作曲家の後藤洋先生が、志ん朝師匠の「文七元結」を数百回聴かれていると書かれている(「バンドジャーナル」2月号)。
「文七元結(ぶんしちもっとい)」とは落語のネタで、人情噺の名作として(たぶん)一番有名なものである。
後藤先生も落語を聴かれるのかとうれしくなったけど、さすがだ、自分は数百回は聴いてない。
圓生師匠のCD(昔はカセットで)と、志ん朝師匠のを十回ぐらい、喜多八師匠、談春師匠のを2、3回といったところだろうか。
ライブでは、小朝、遊雀、志らくといった師匠方のを聴いた。ちなみに快楽亭ブラック師匠の「文七ぶっとい」も名作なのだが、詳細をここに書き記すことはできない。
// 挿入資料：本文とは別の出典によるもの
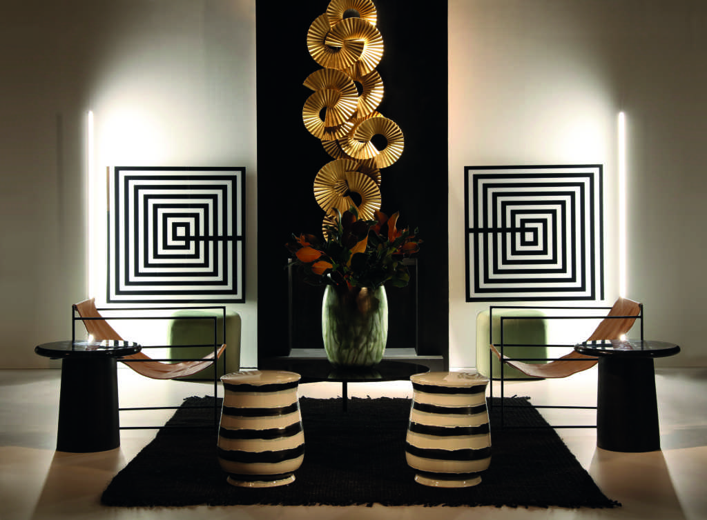 Below This living room from Thai Natura achieves its striking look with black and white clean lines and geo-metric designs. Thai Natura is available through Vintage Point in Pol. Ind. Nue-va Campana in Nueva Andalucía (www. vintagepoint.es) and Miccoli Homes by Daiane Oliveira in San Pedro de Alcán-tara (www.miccolihomes.com).

せっかくメジャー化してるのに、品位の面で霜栄先生のようなバッシングをうける危険性がある。
これまでに聴いた落語の中で一番のものは何かと問われたら、はっきりと答えがある。
コンサートでもお芝居でも、「一番よかったの何?」の問いに明確に一つを答えるのは難しいけど、落語は決まっている。
2001年の春、池袋演芸場で聴いた志ん朝「付き馬」だ。
客席数100弱の池袋演芸場だが、それまで満員の風景をみたことはなかった。
志ん朝が池袋にあがるというだけで、落語ファンは欣喜雀躍し、連日開演前から列をつくった。
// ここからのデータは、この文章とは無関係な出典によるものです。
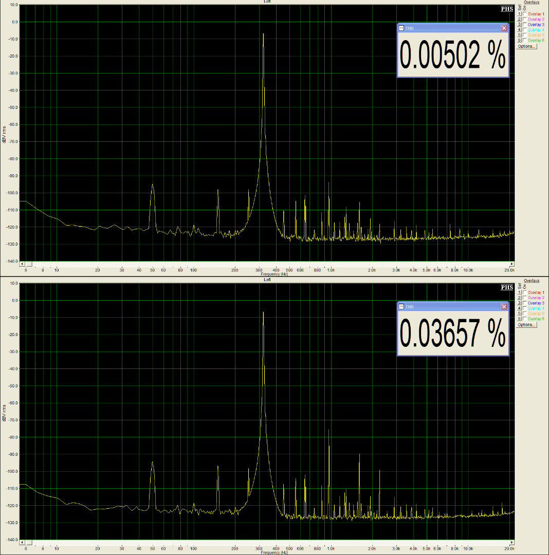 Уровень тока искажений от НЧ динамика сильно зависит от самого динамика и режима его работы ну и фильтр там немного пляшет, не спроста на приведённой оппонентом картинке указана мощность 100Вт и частота 100Гц, сильно похоже на то, что катушку НЧ динамика вывели за магнитный зазор что бы НЧ динамик как можно больше искривил потребляемый ток.

その日高座にあがったすべての芸人さんが、満席の様子におどろき、「こんなことは池袋ではないんですよ」と語った。「いま、志ん朝師匠(楽屋に)入りましたよ」と実況してくれる方もいた。
でも、どんな方が出演されてたのか、一つも思い出せない。才賀師匠がいたかな。
いよいよトリの出番、出ばやしがなる。
いつもどおり少し前かがみで、機嫌がいいのか悪いのかわからないような表情で登場し、深々とお辞儀をされる。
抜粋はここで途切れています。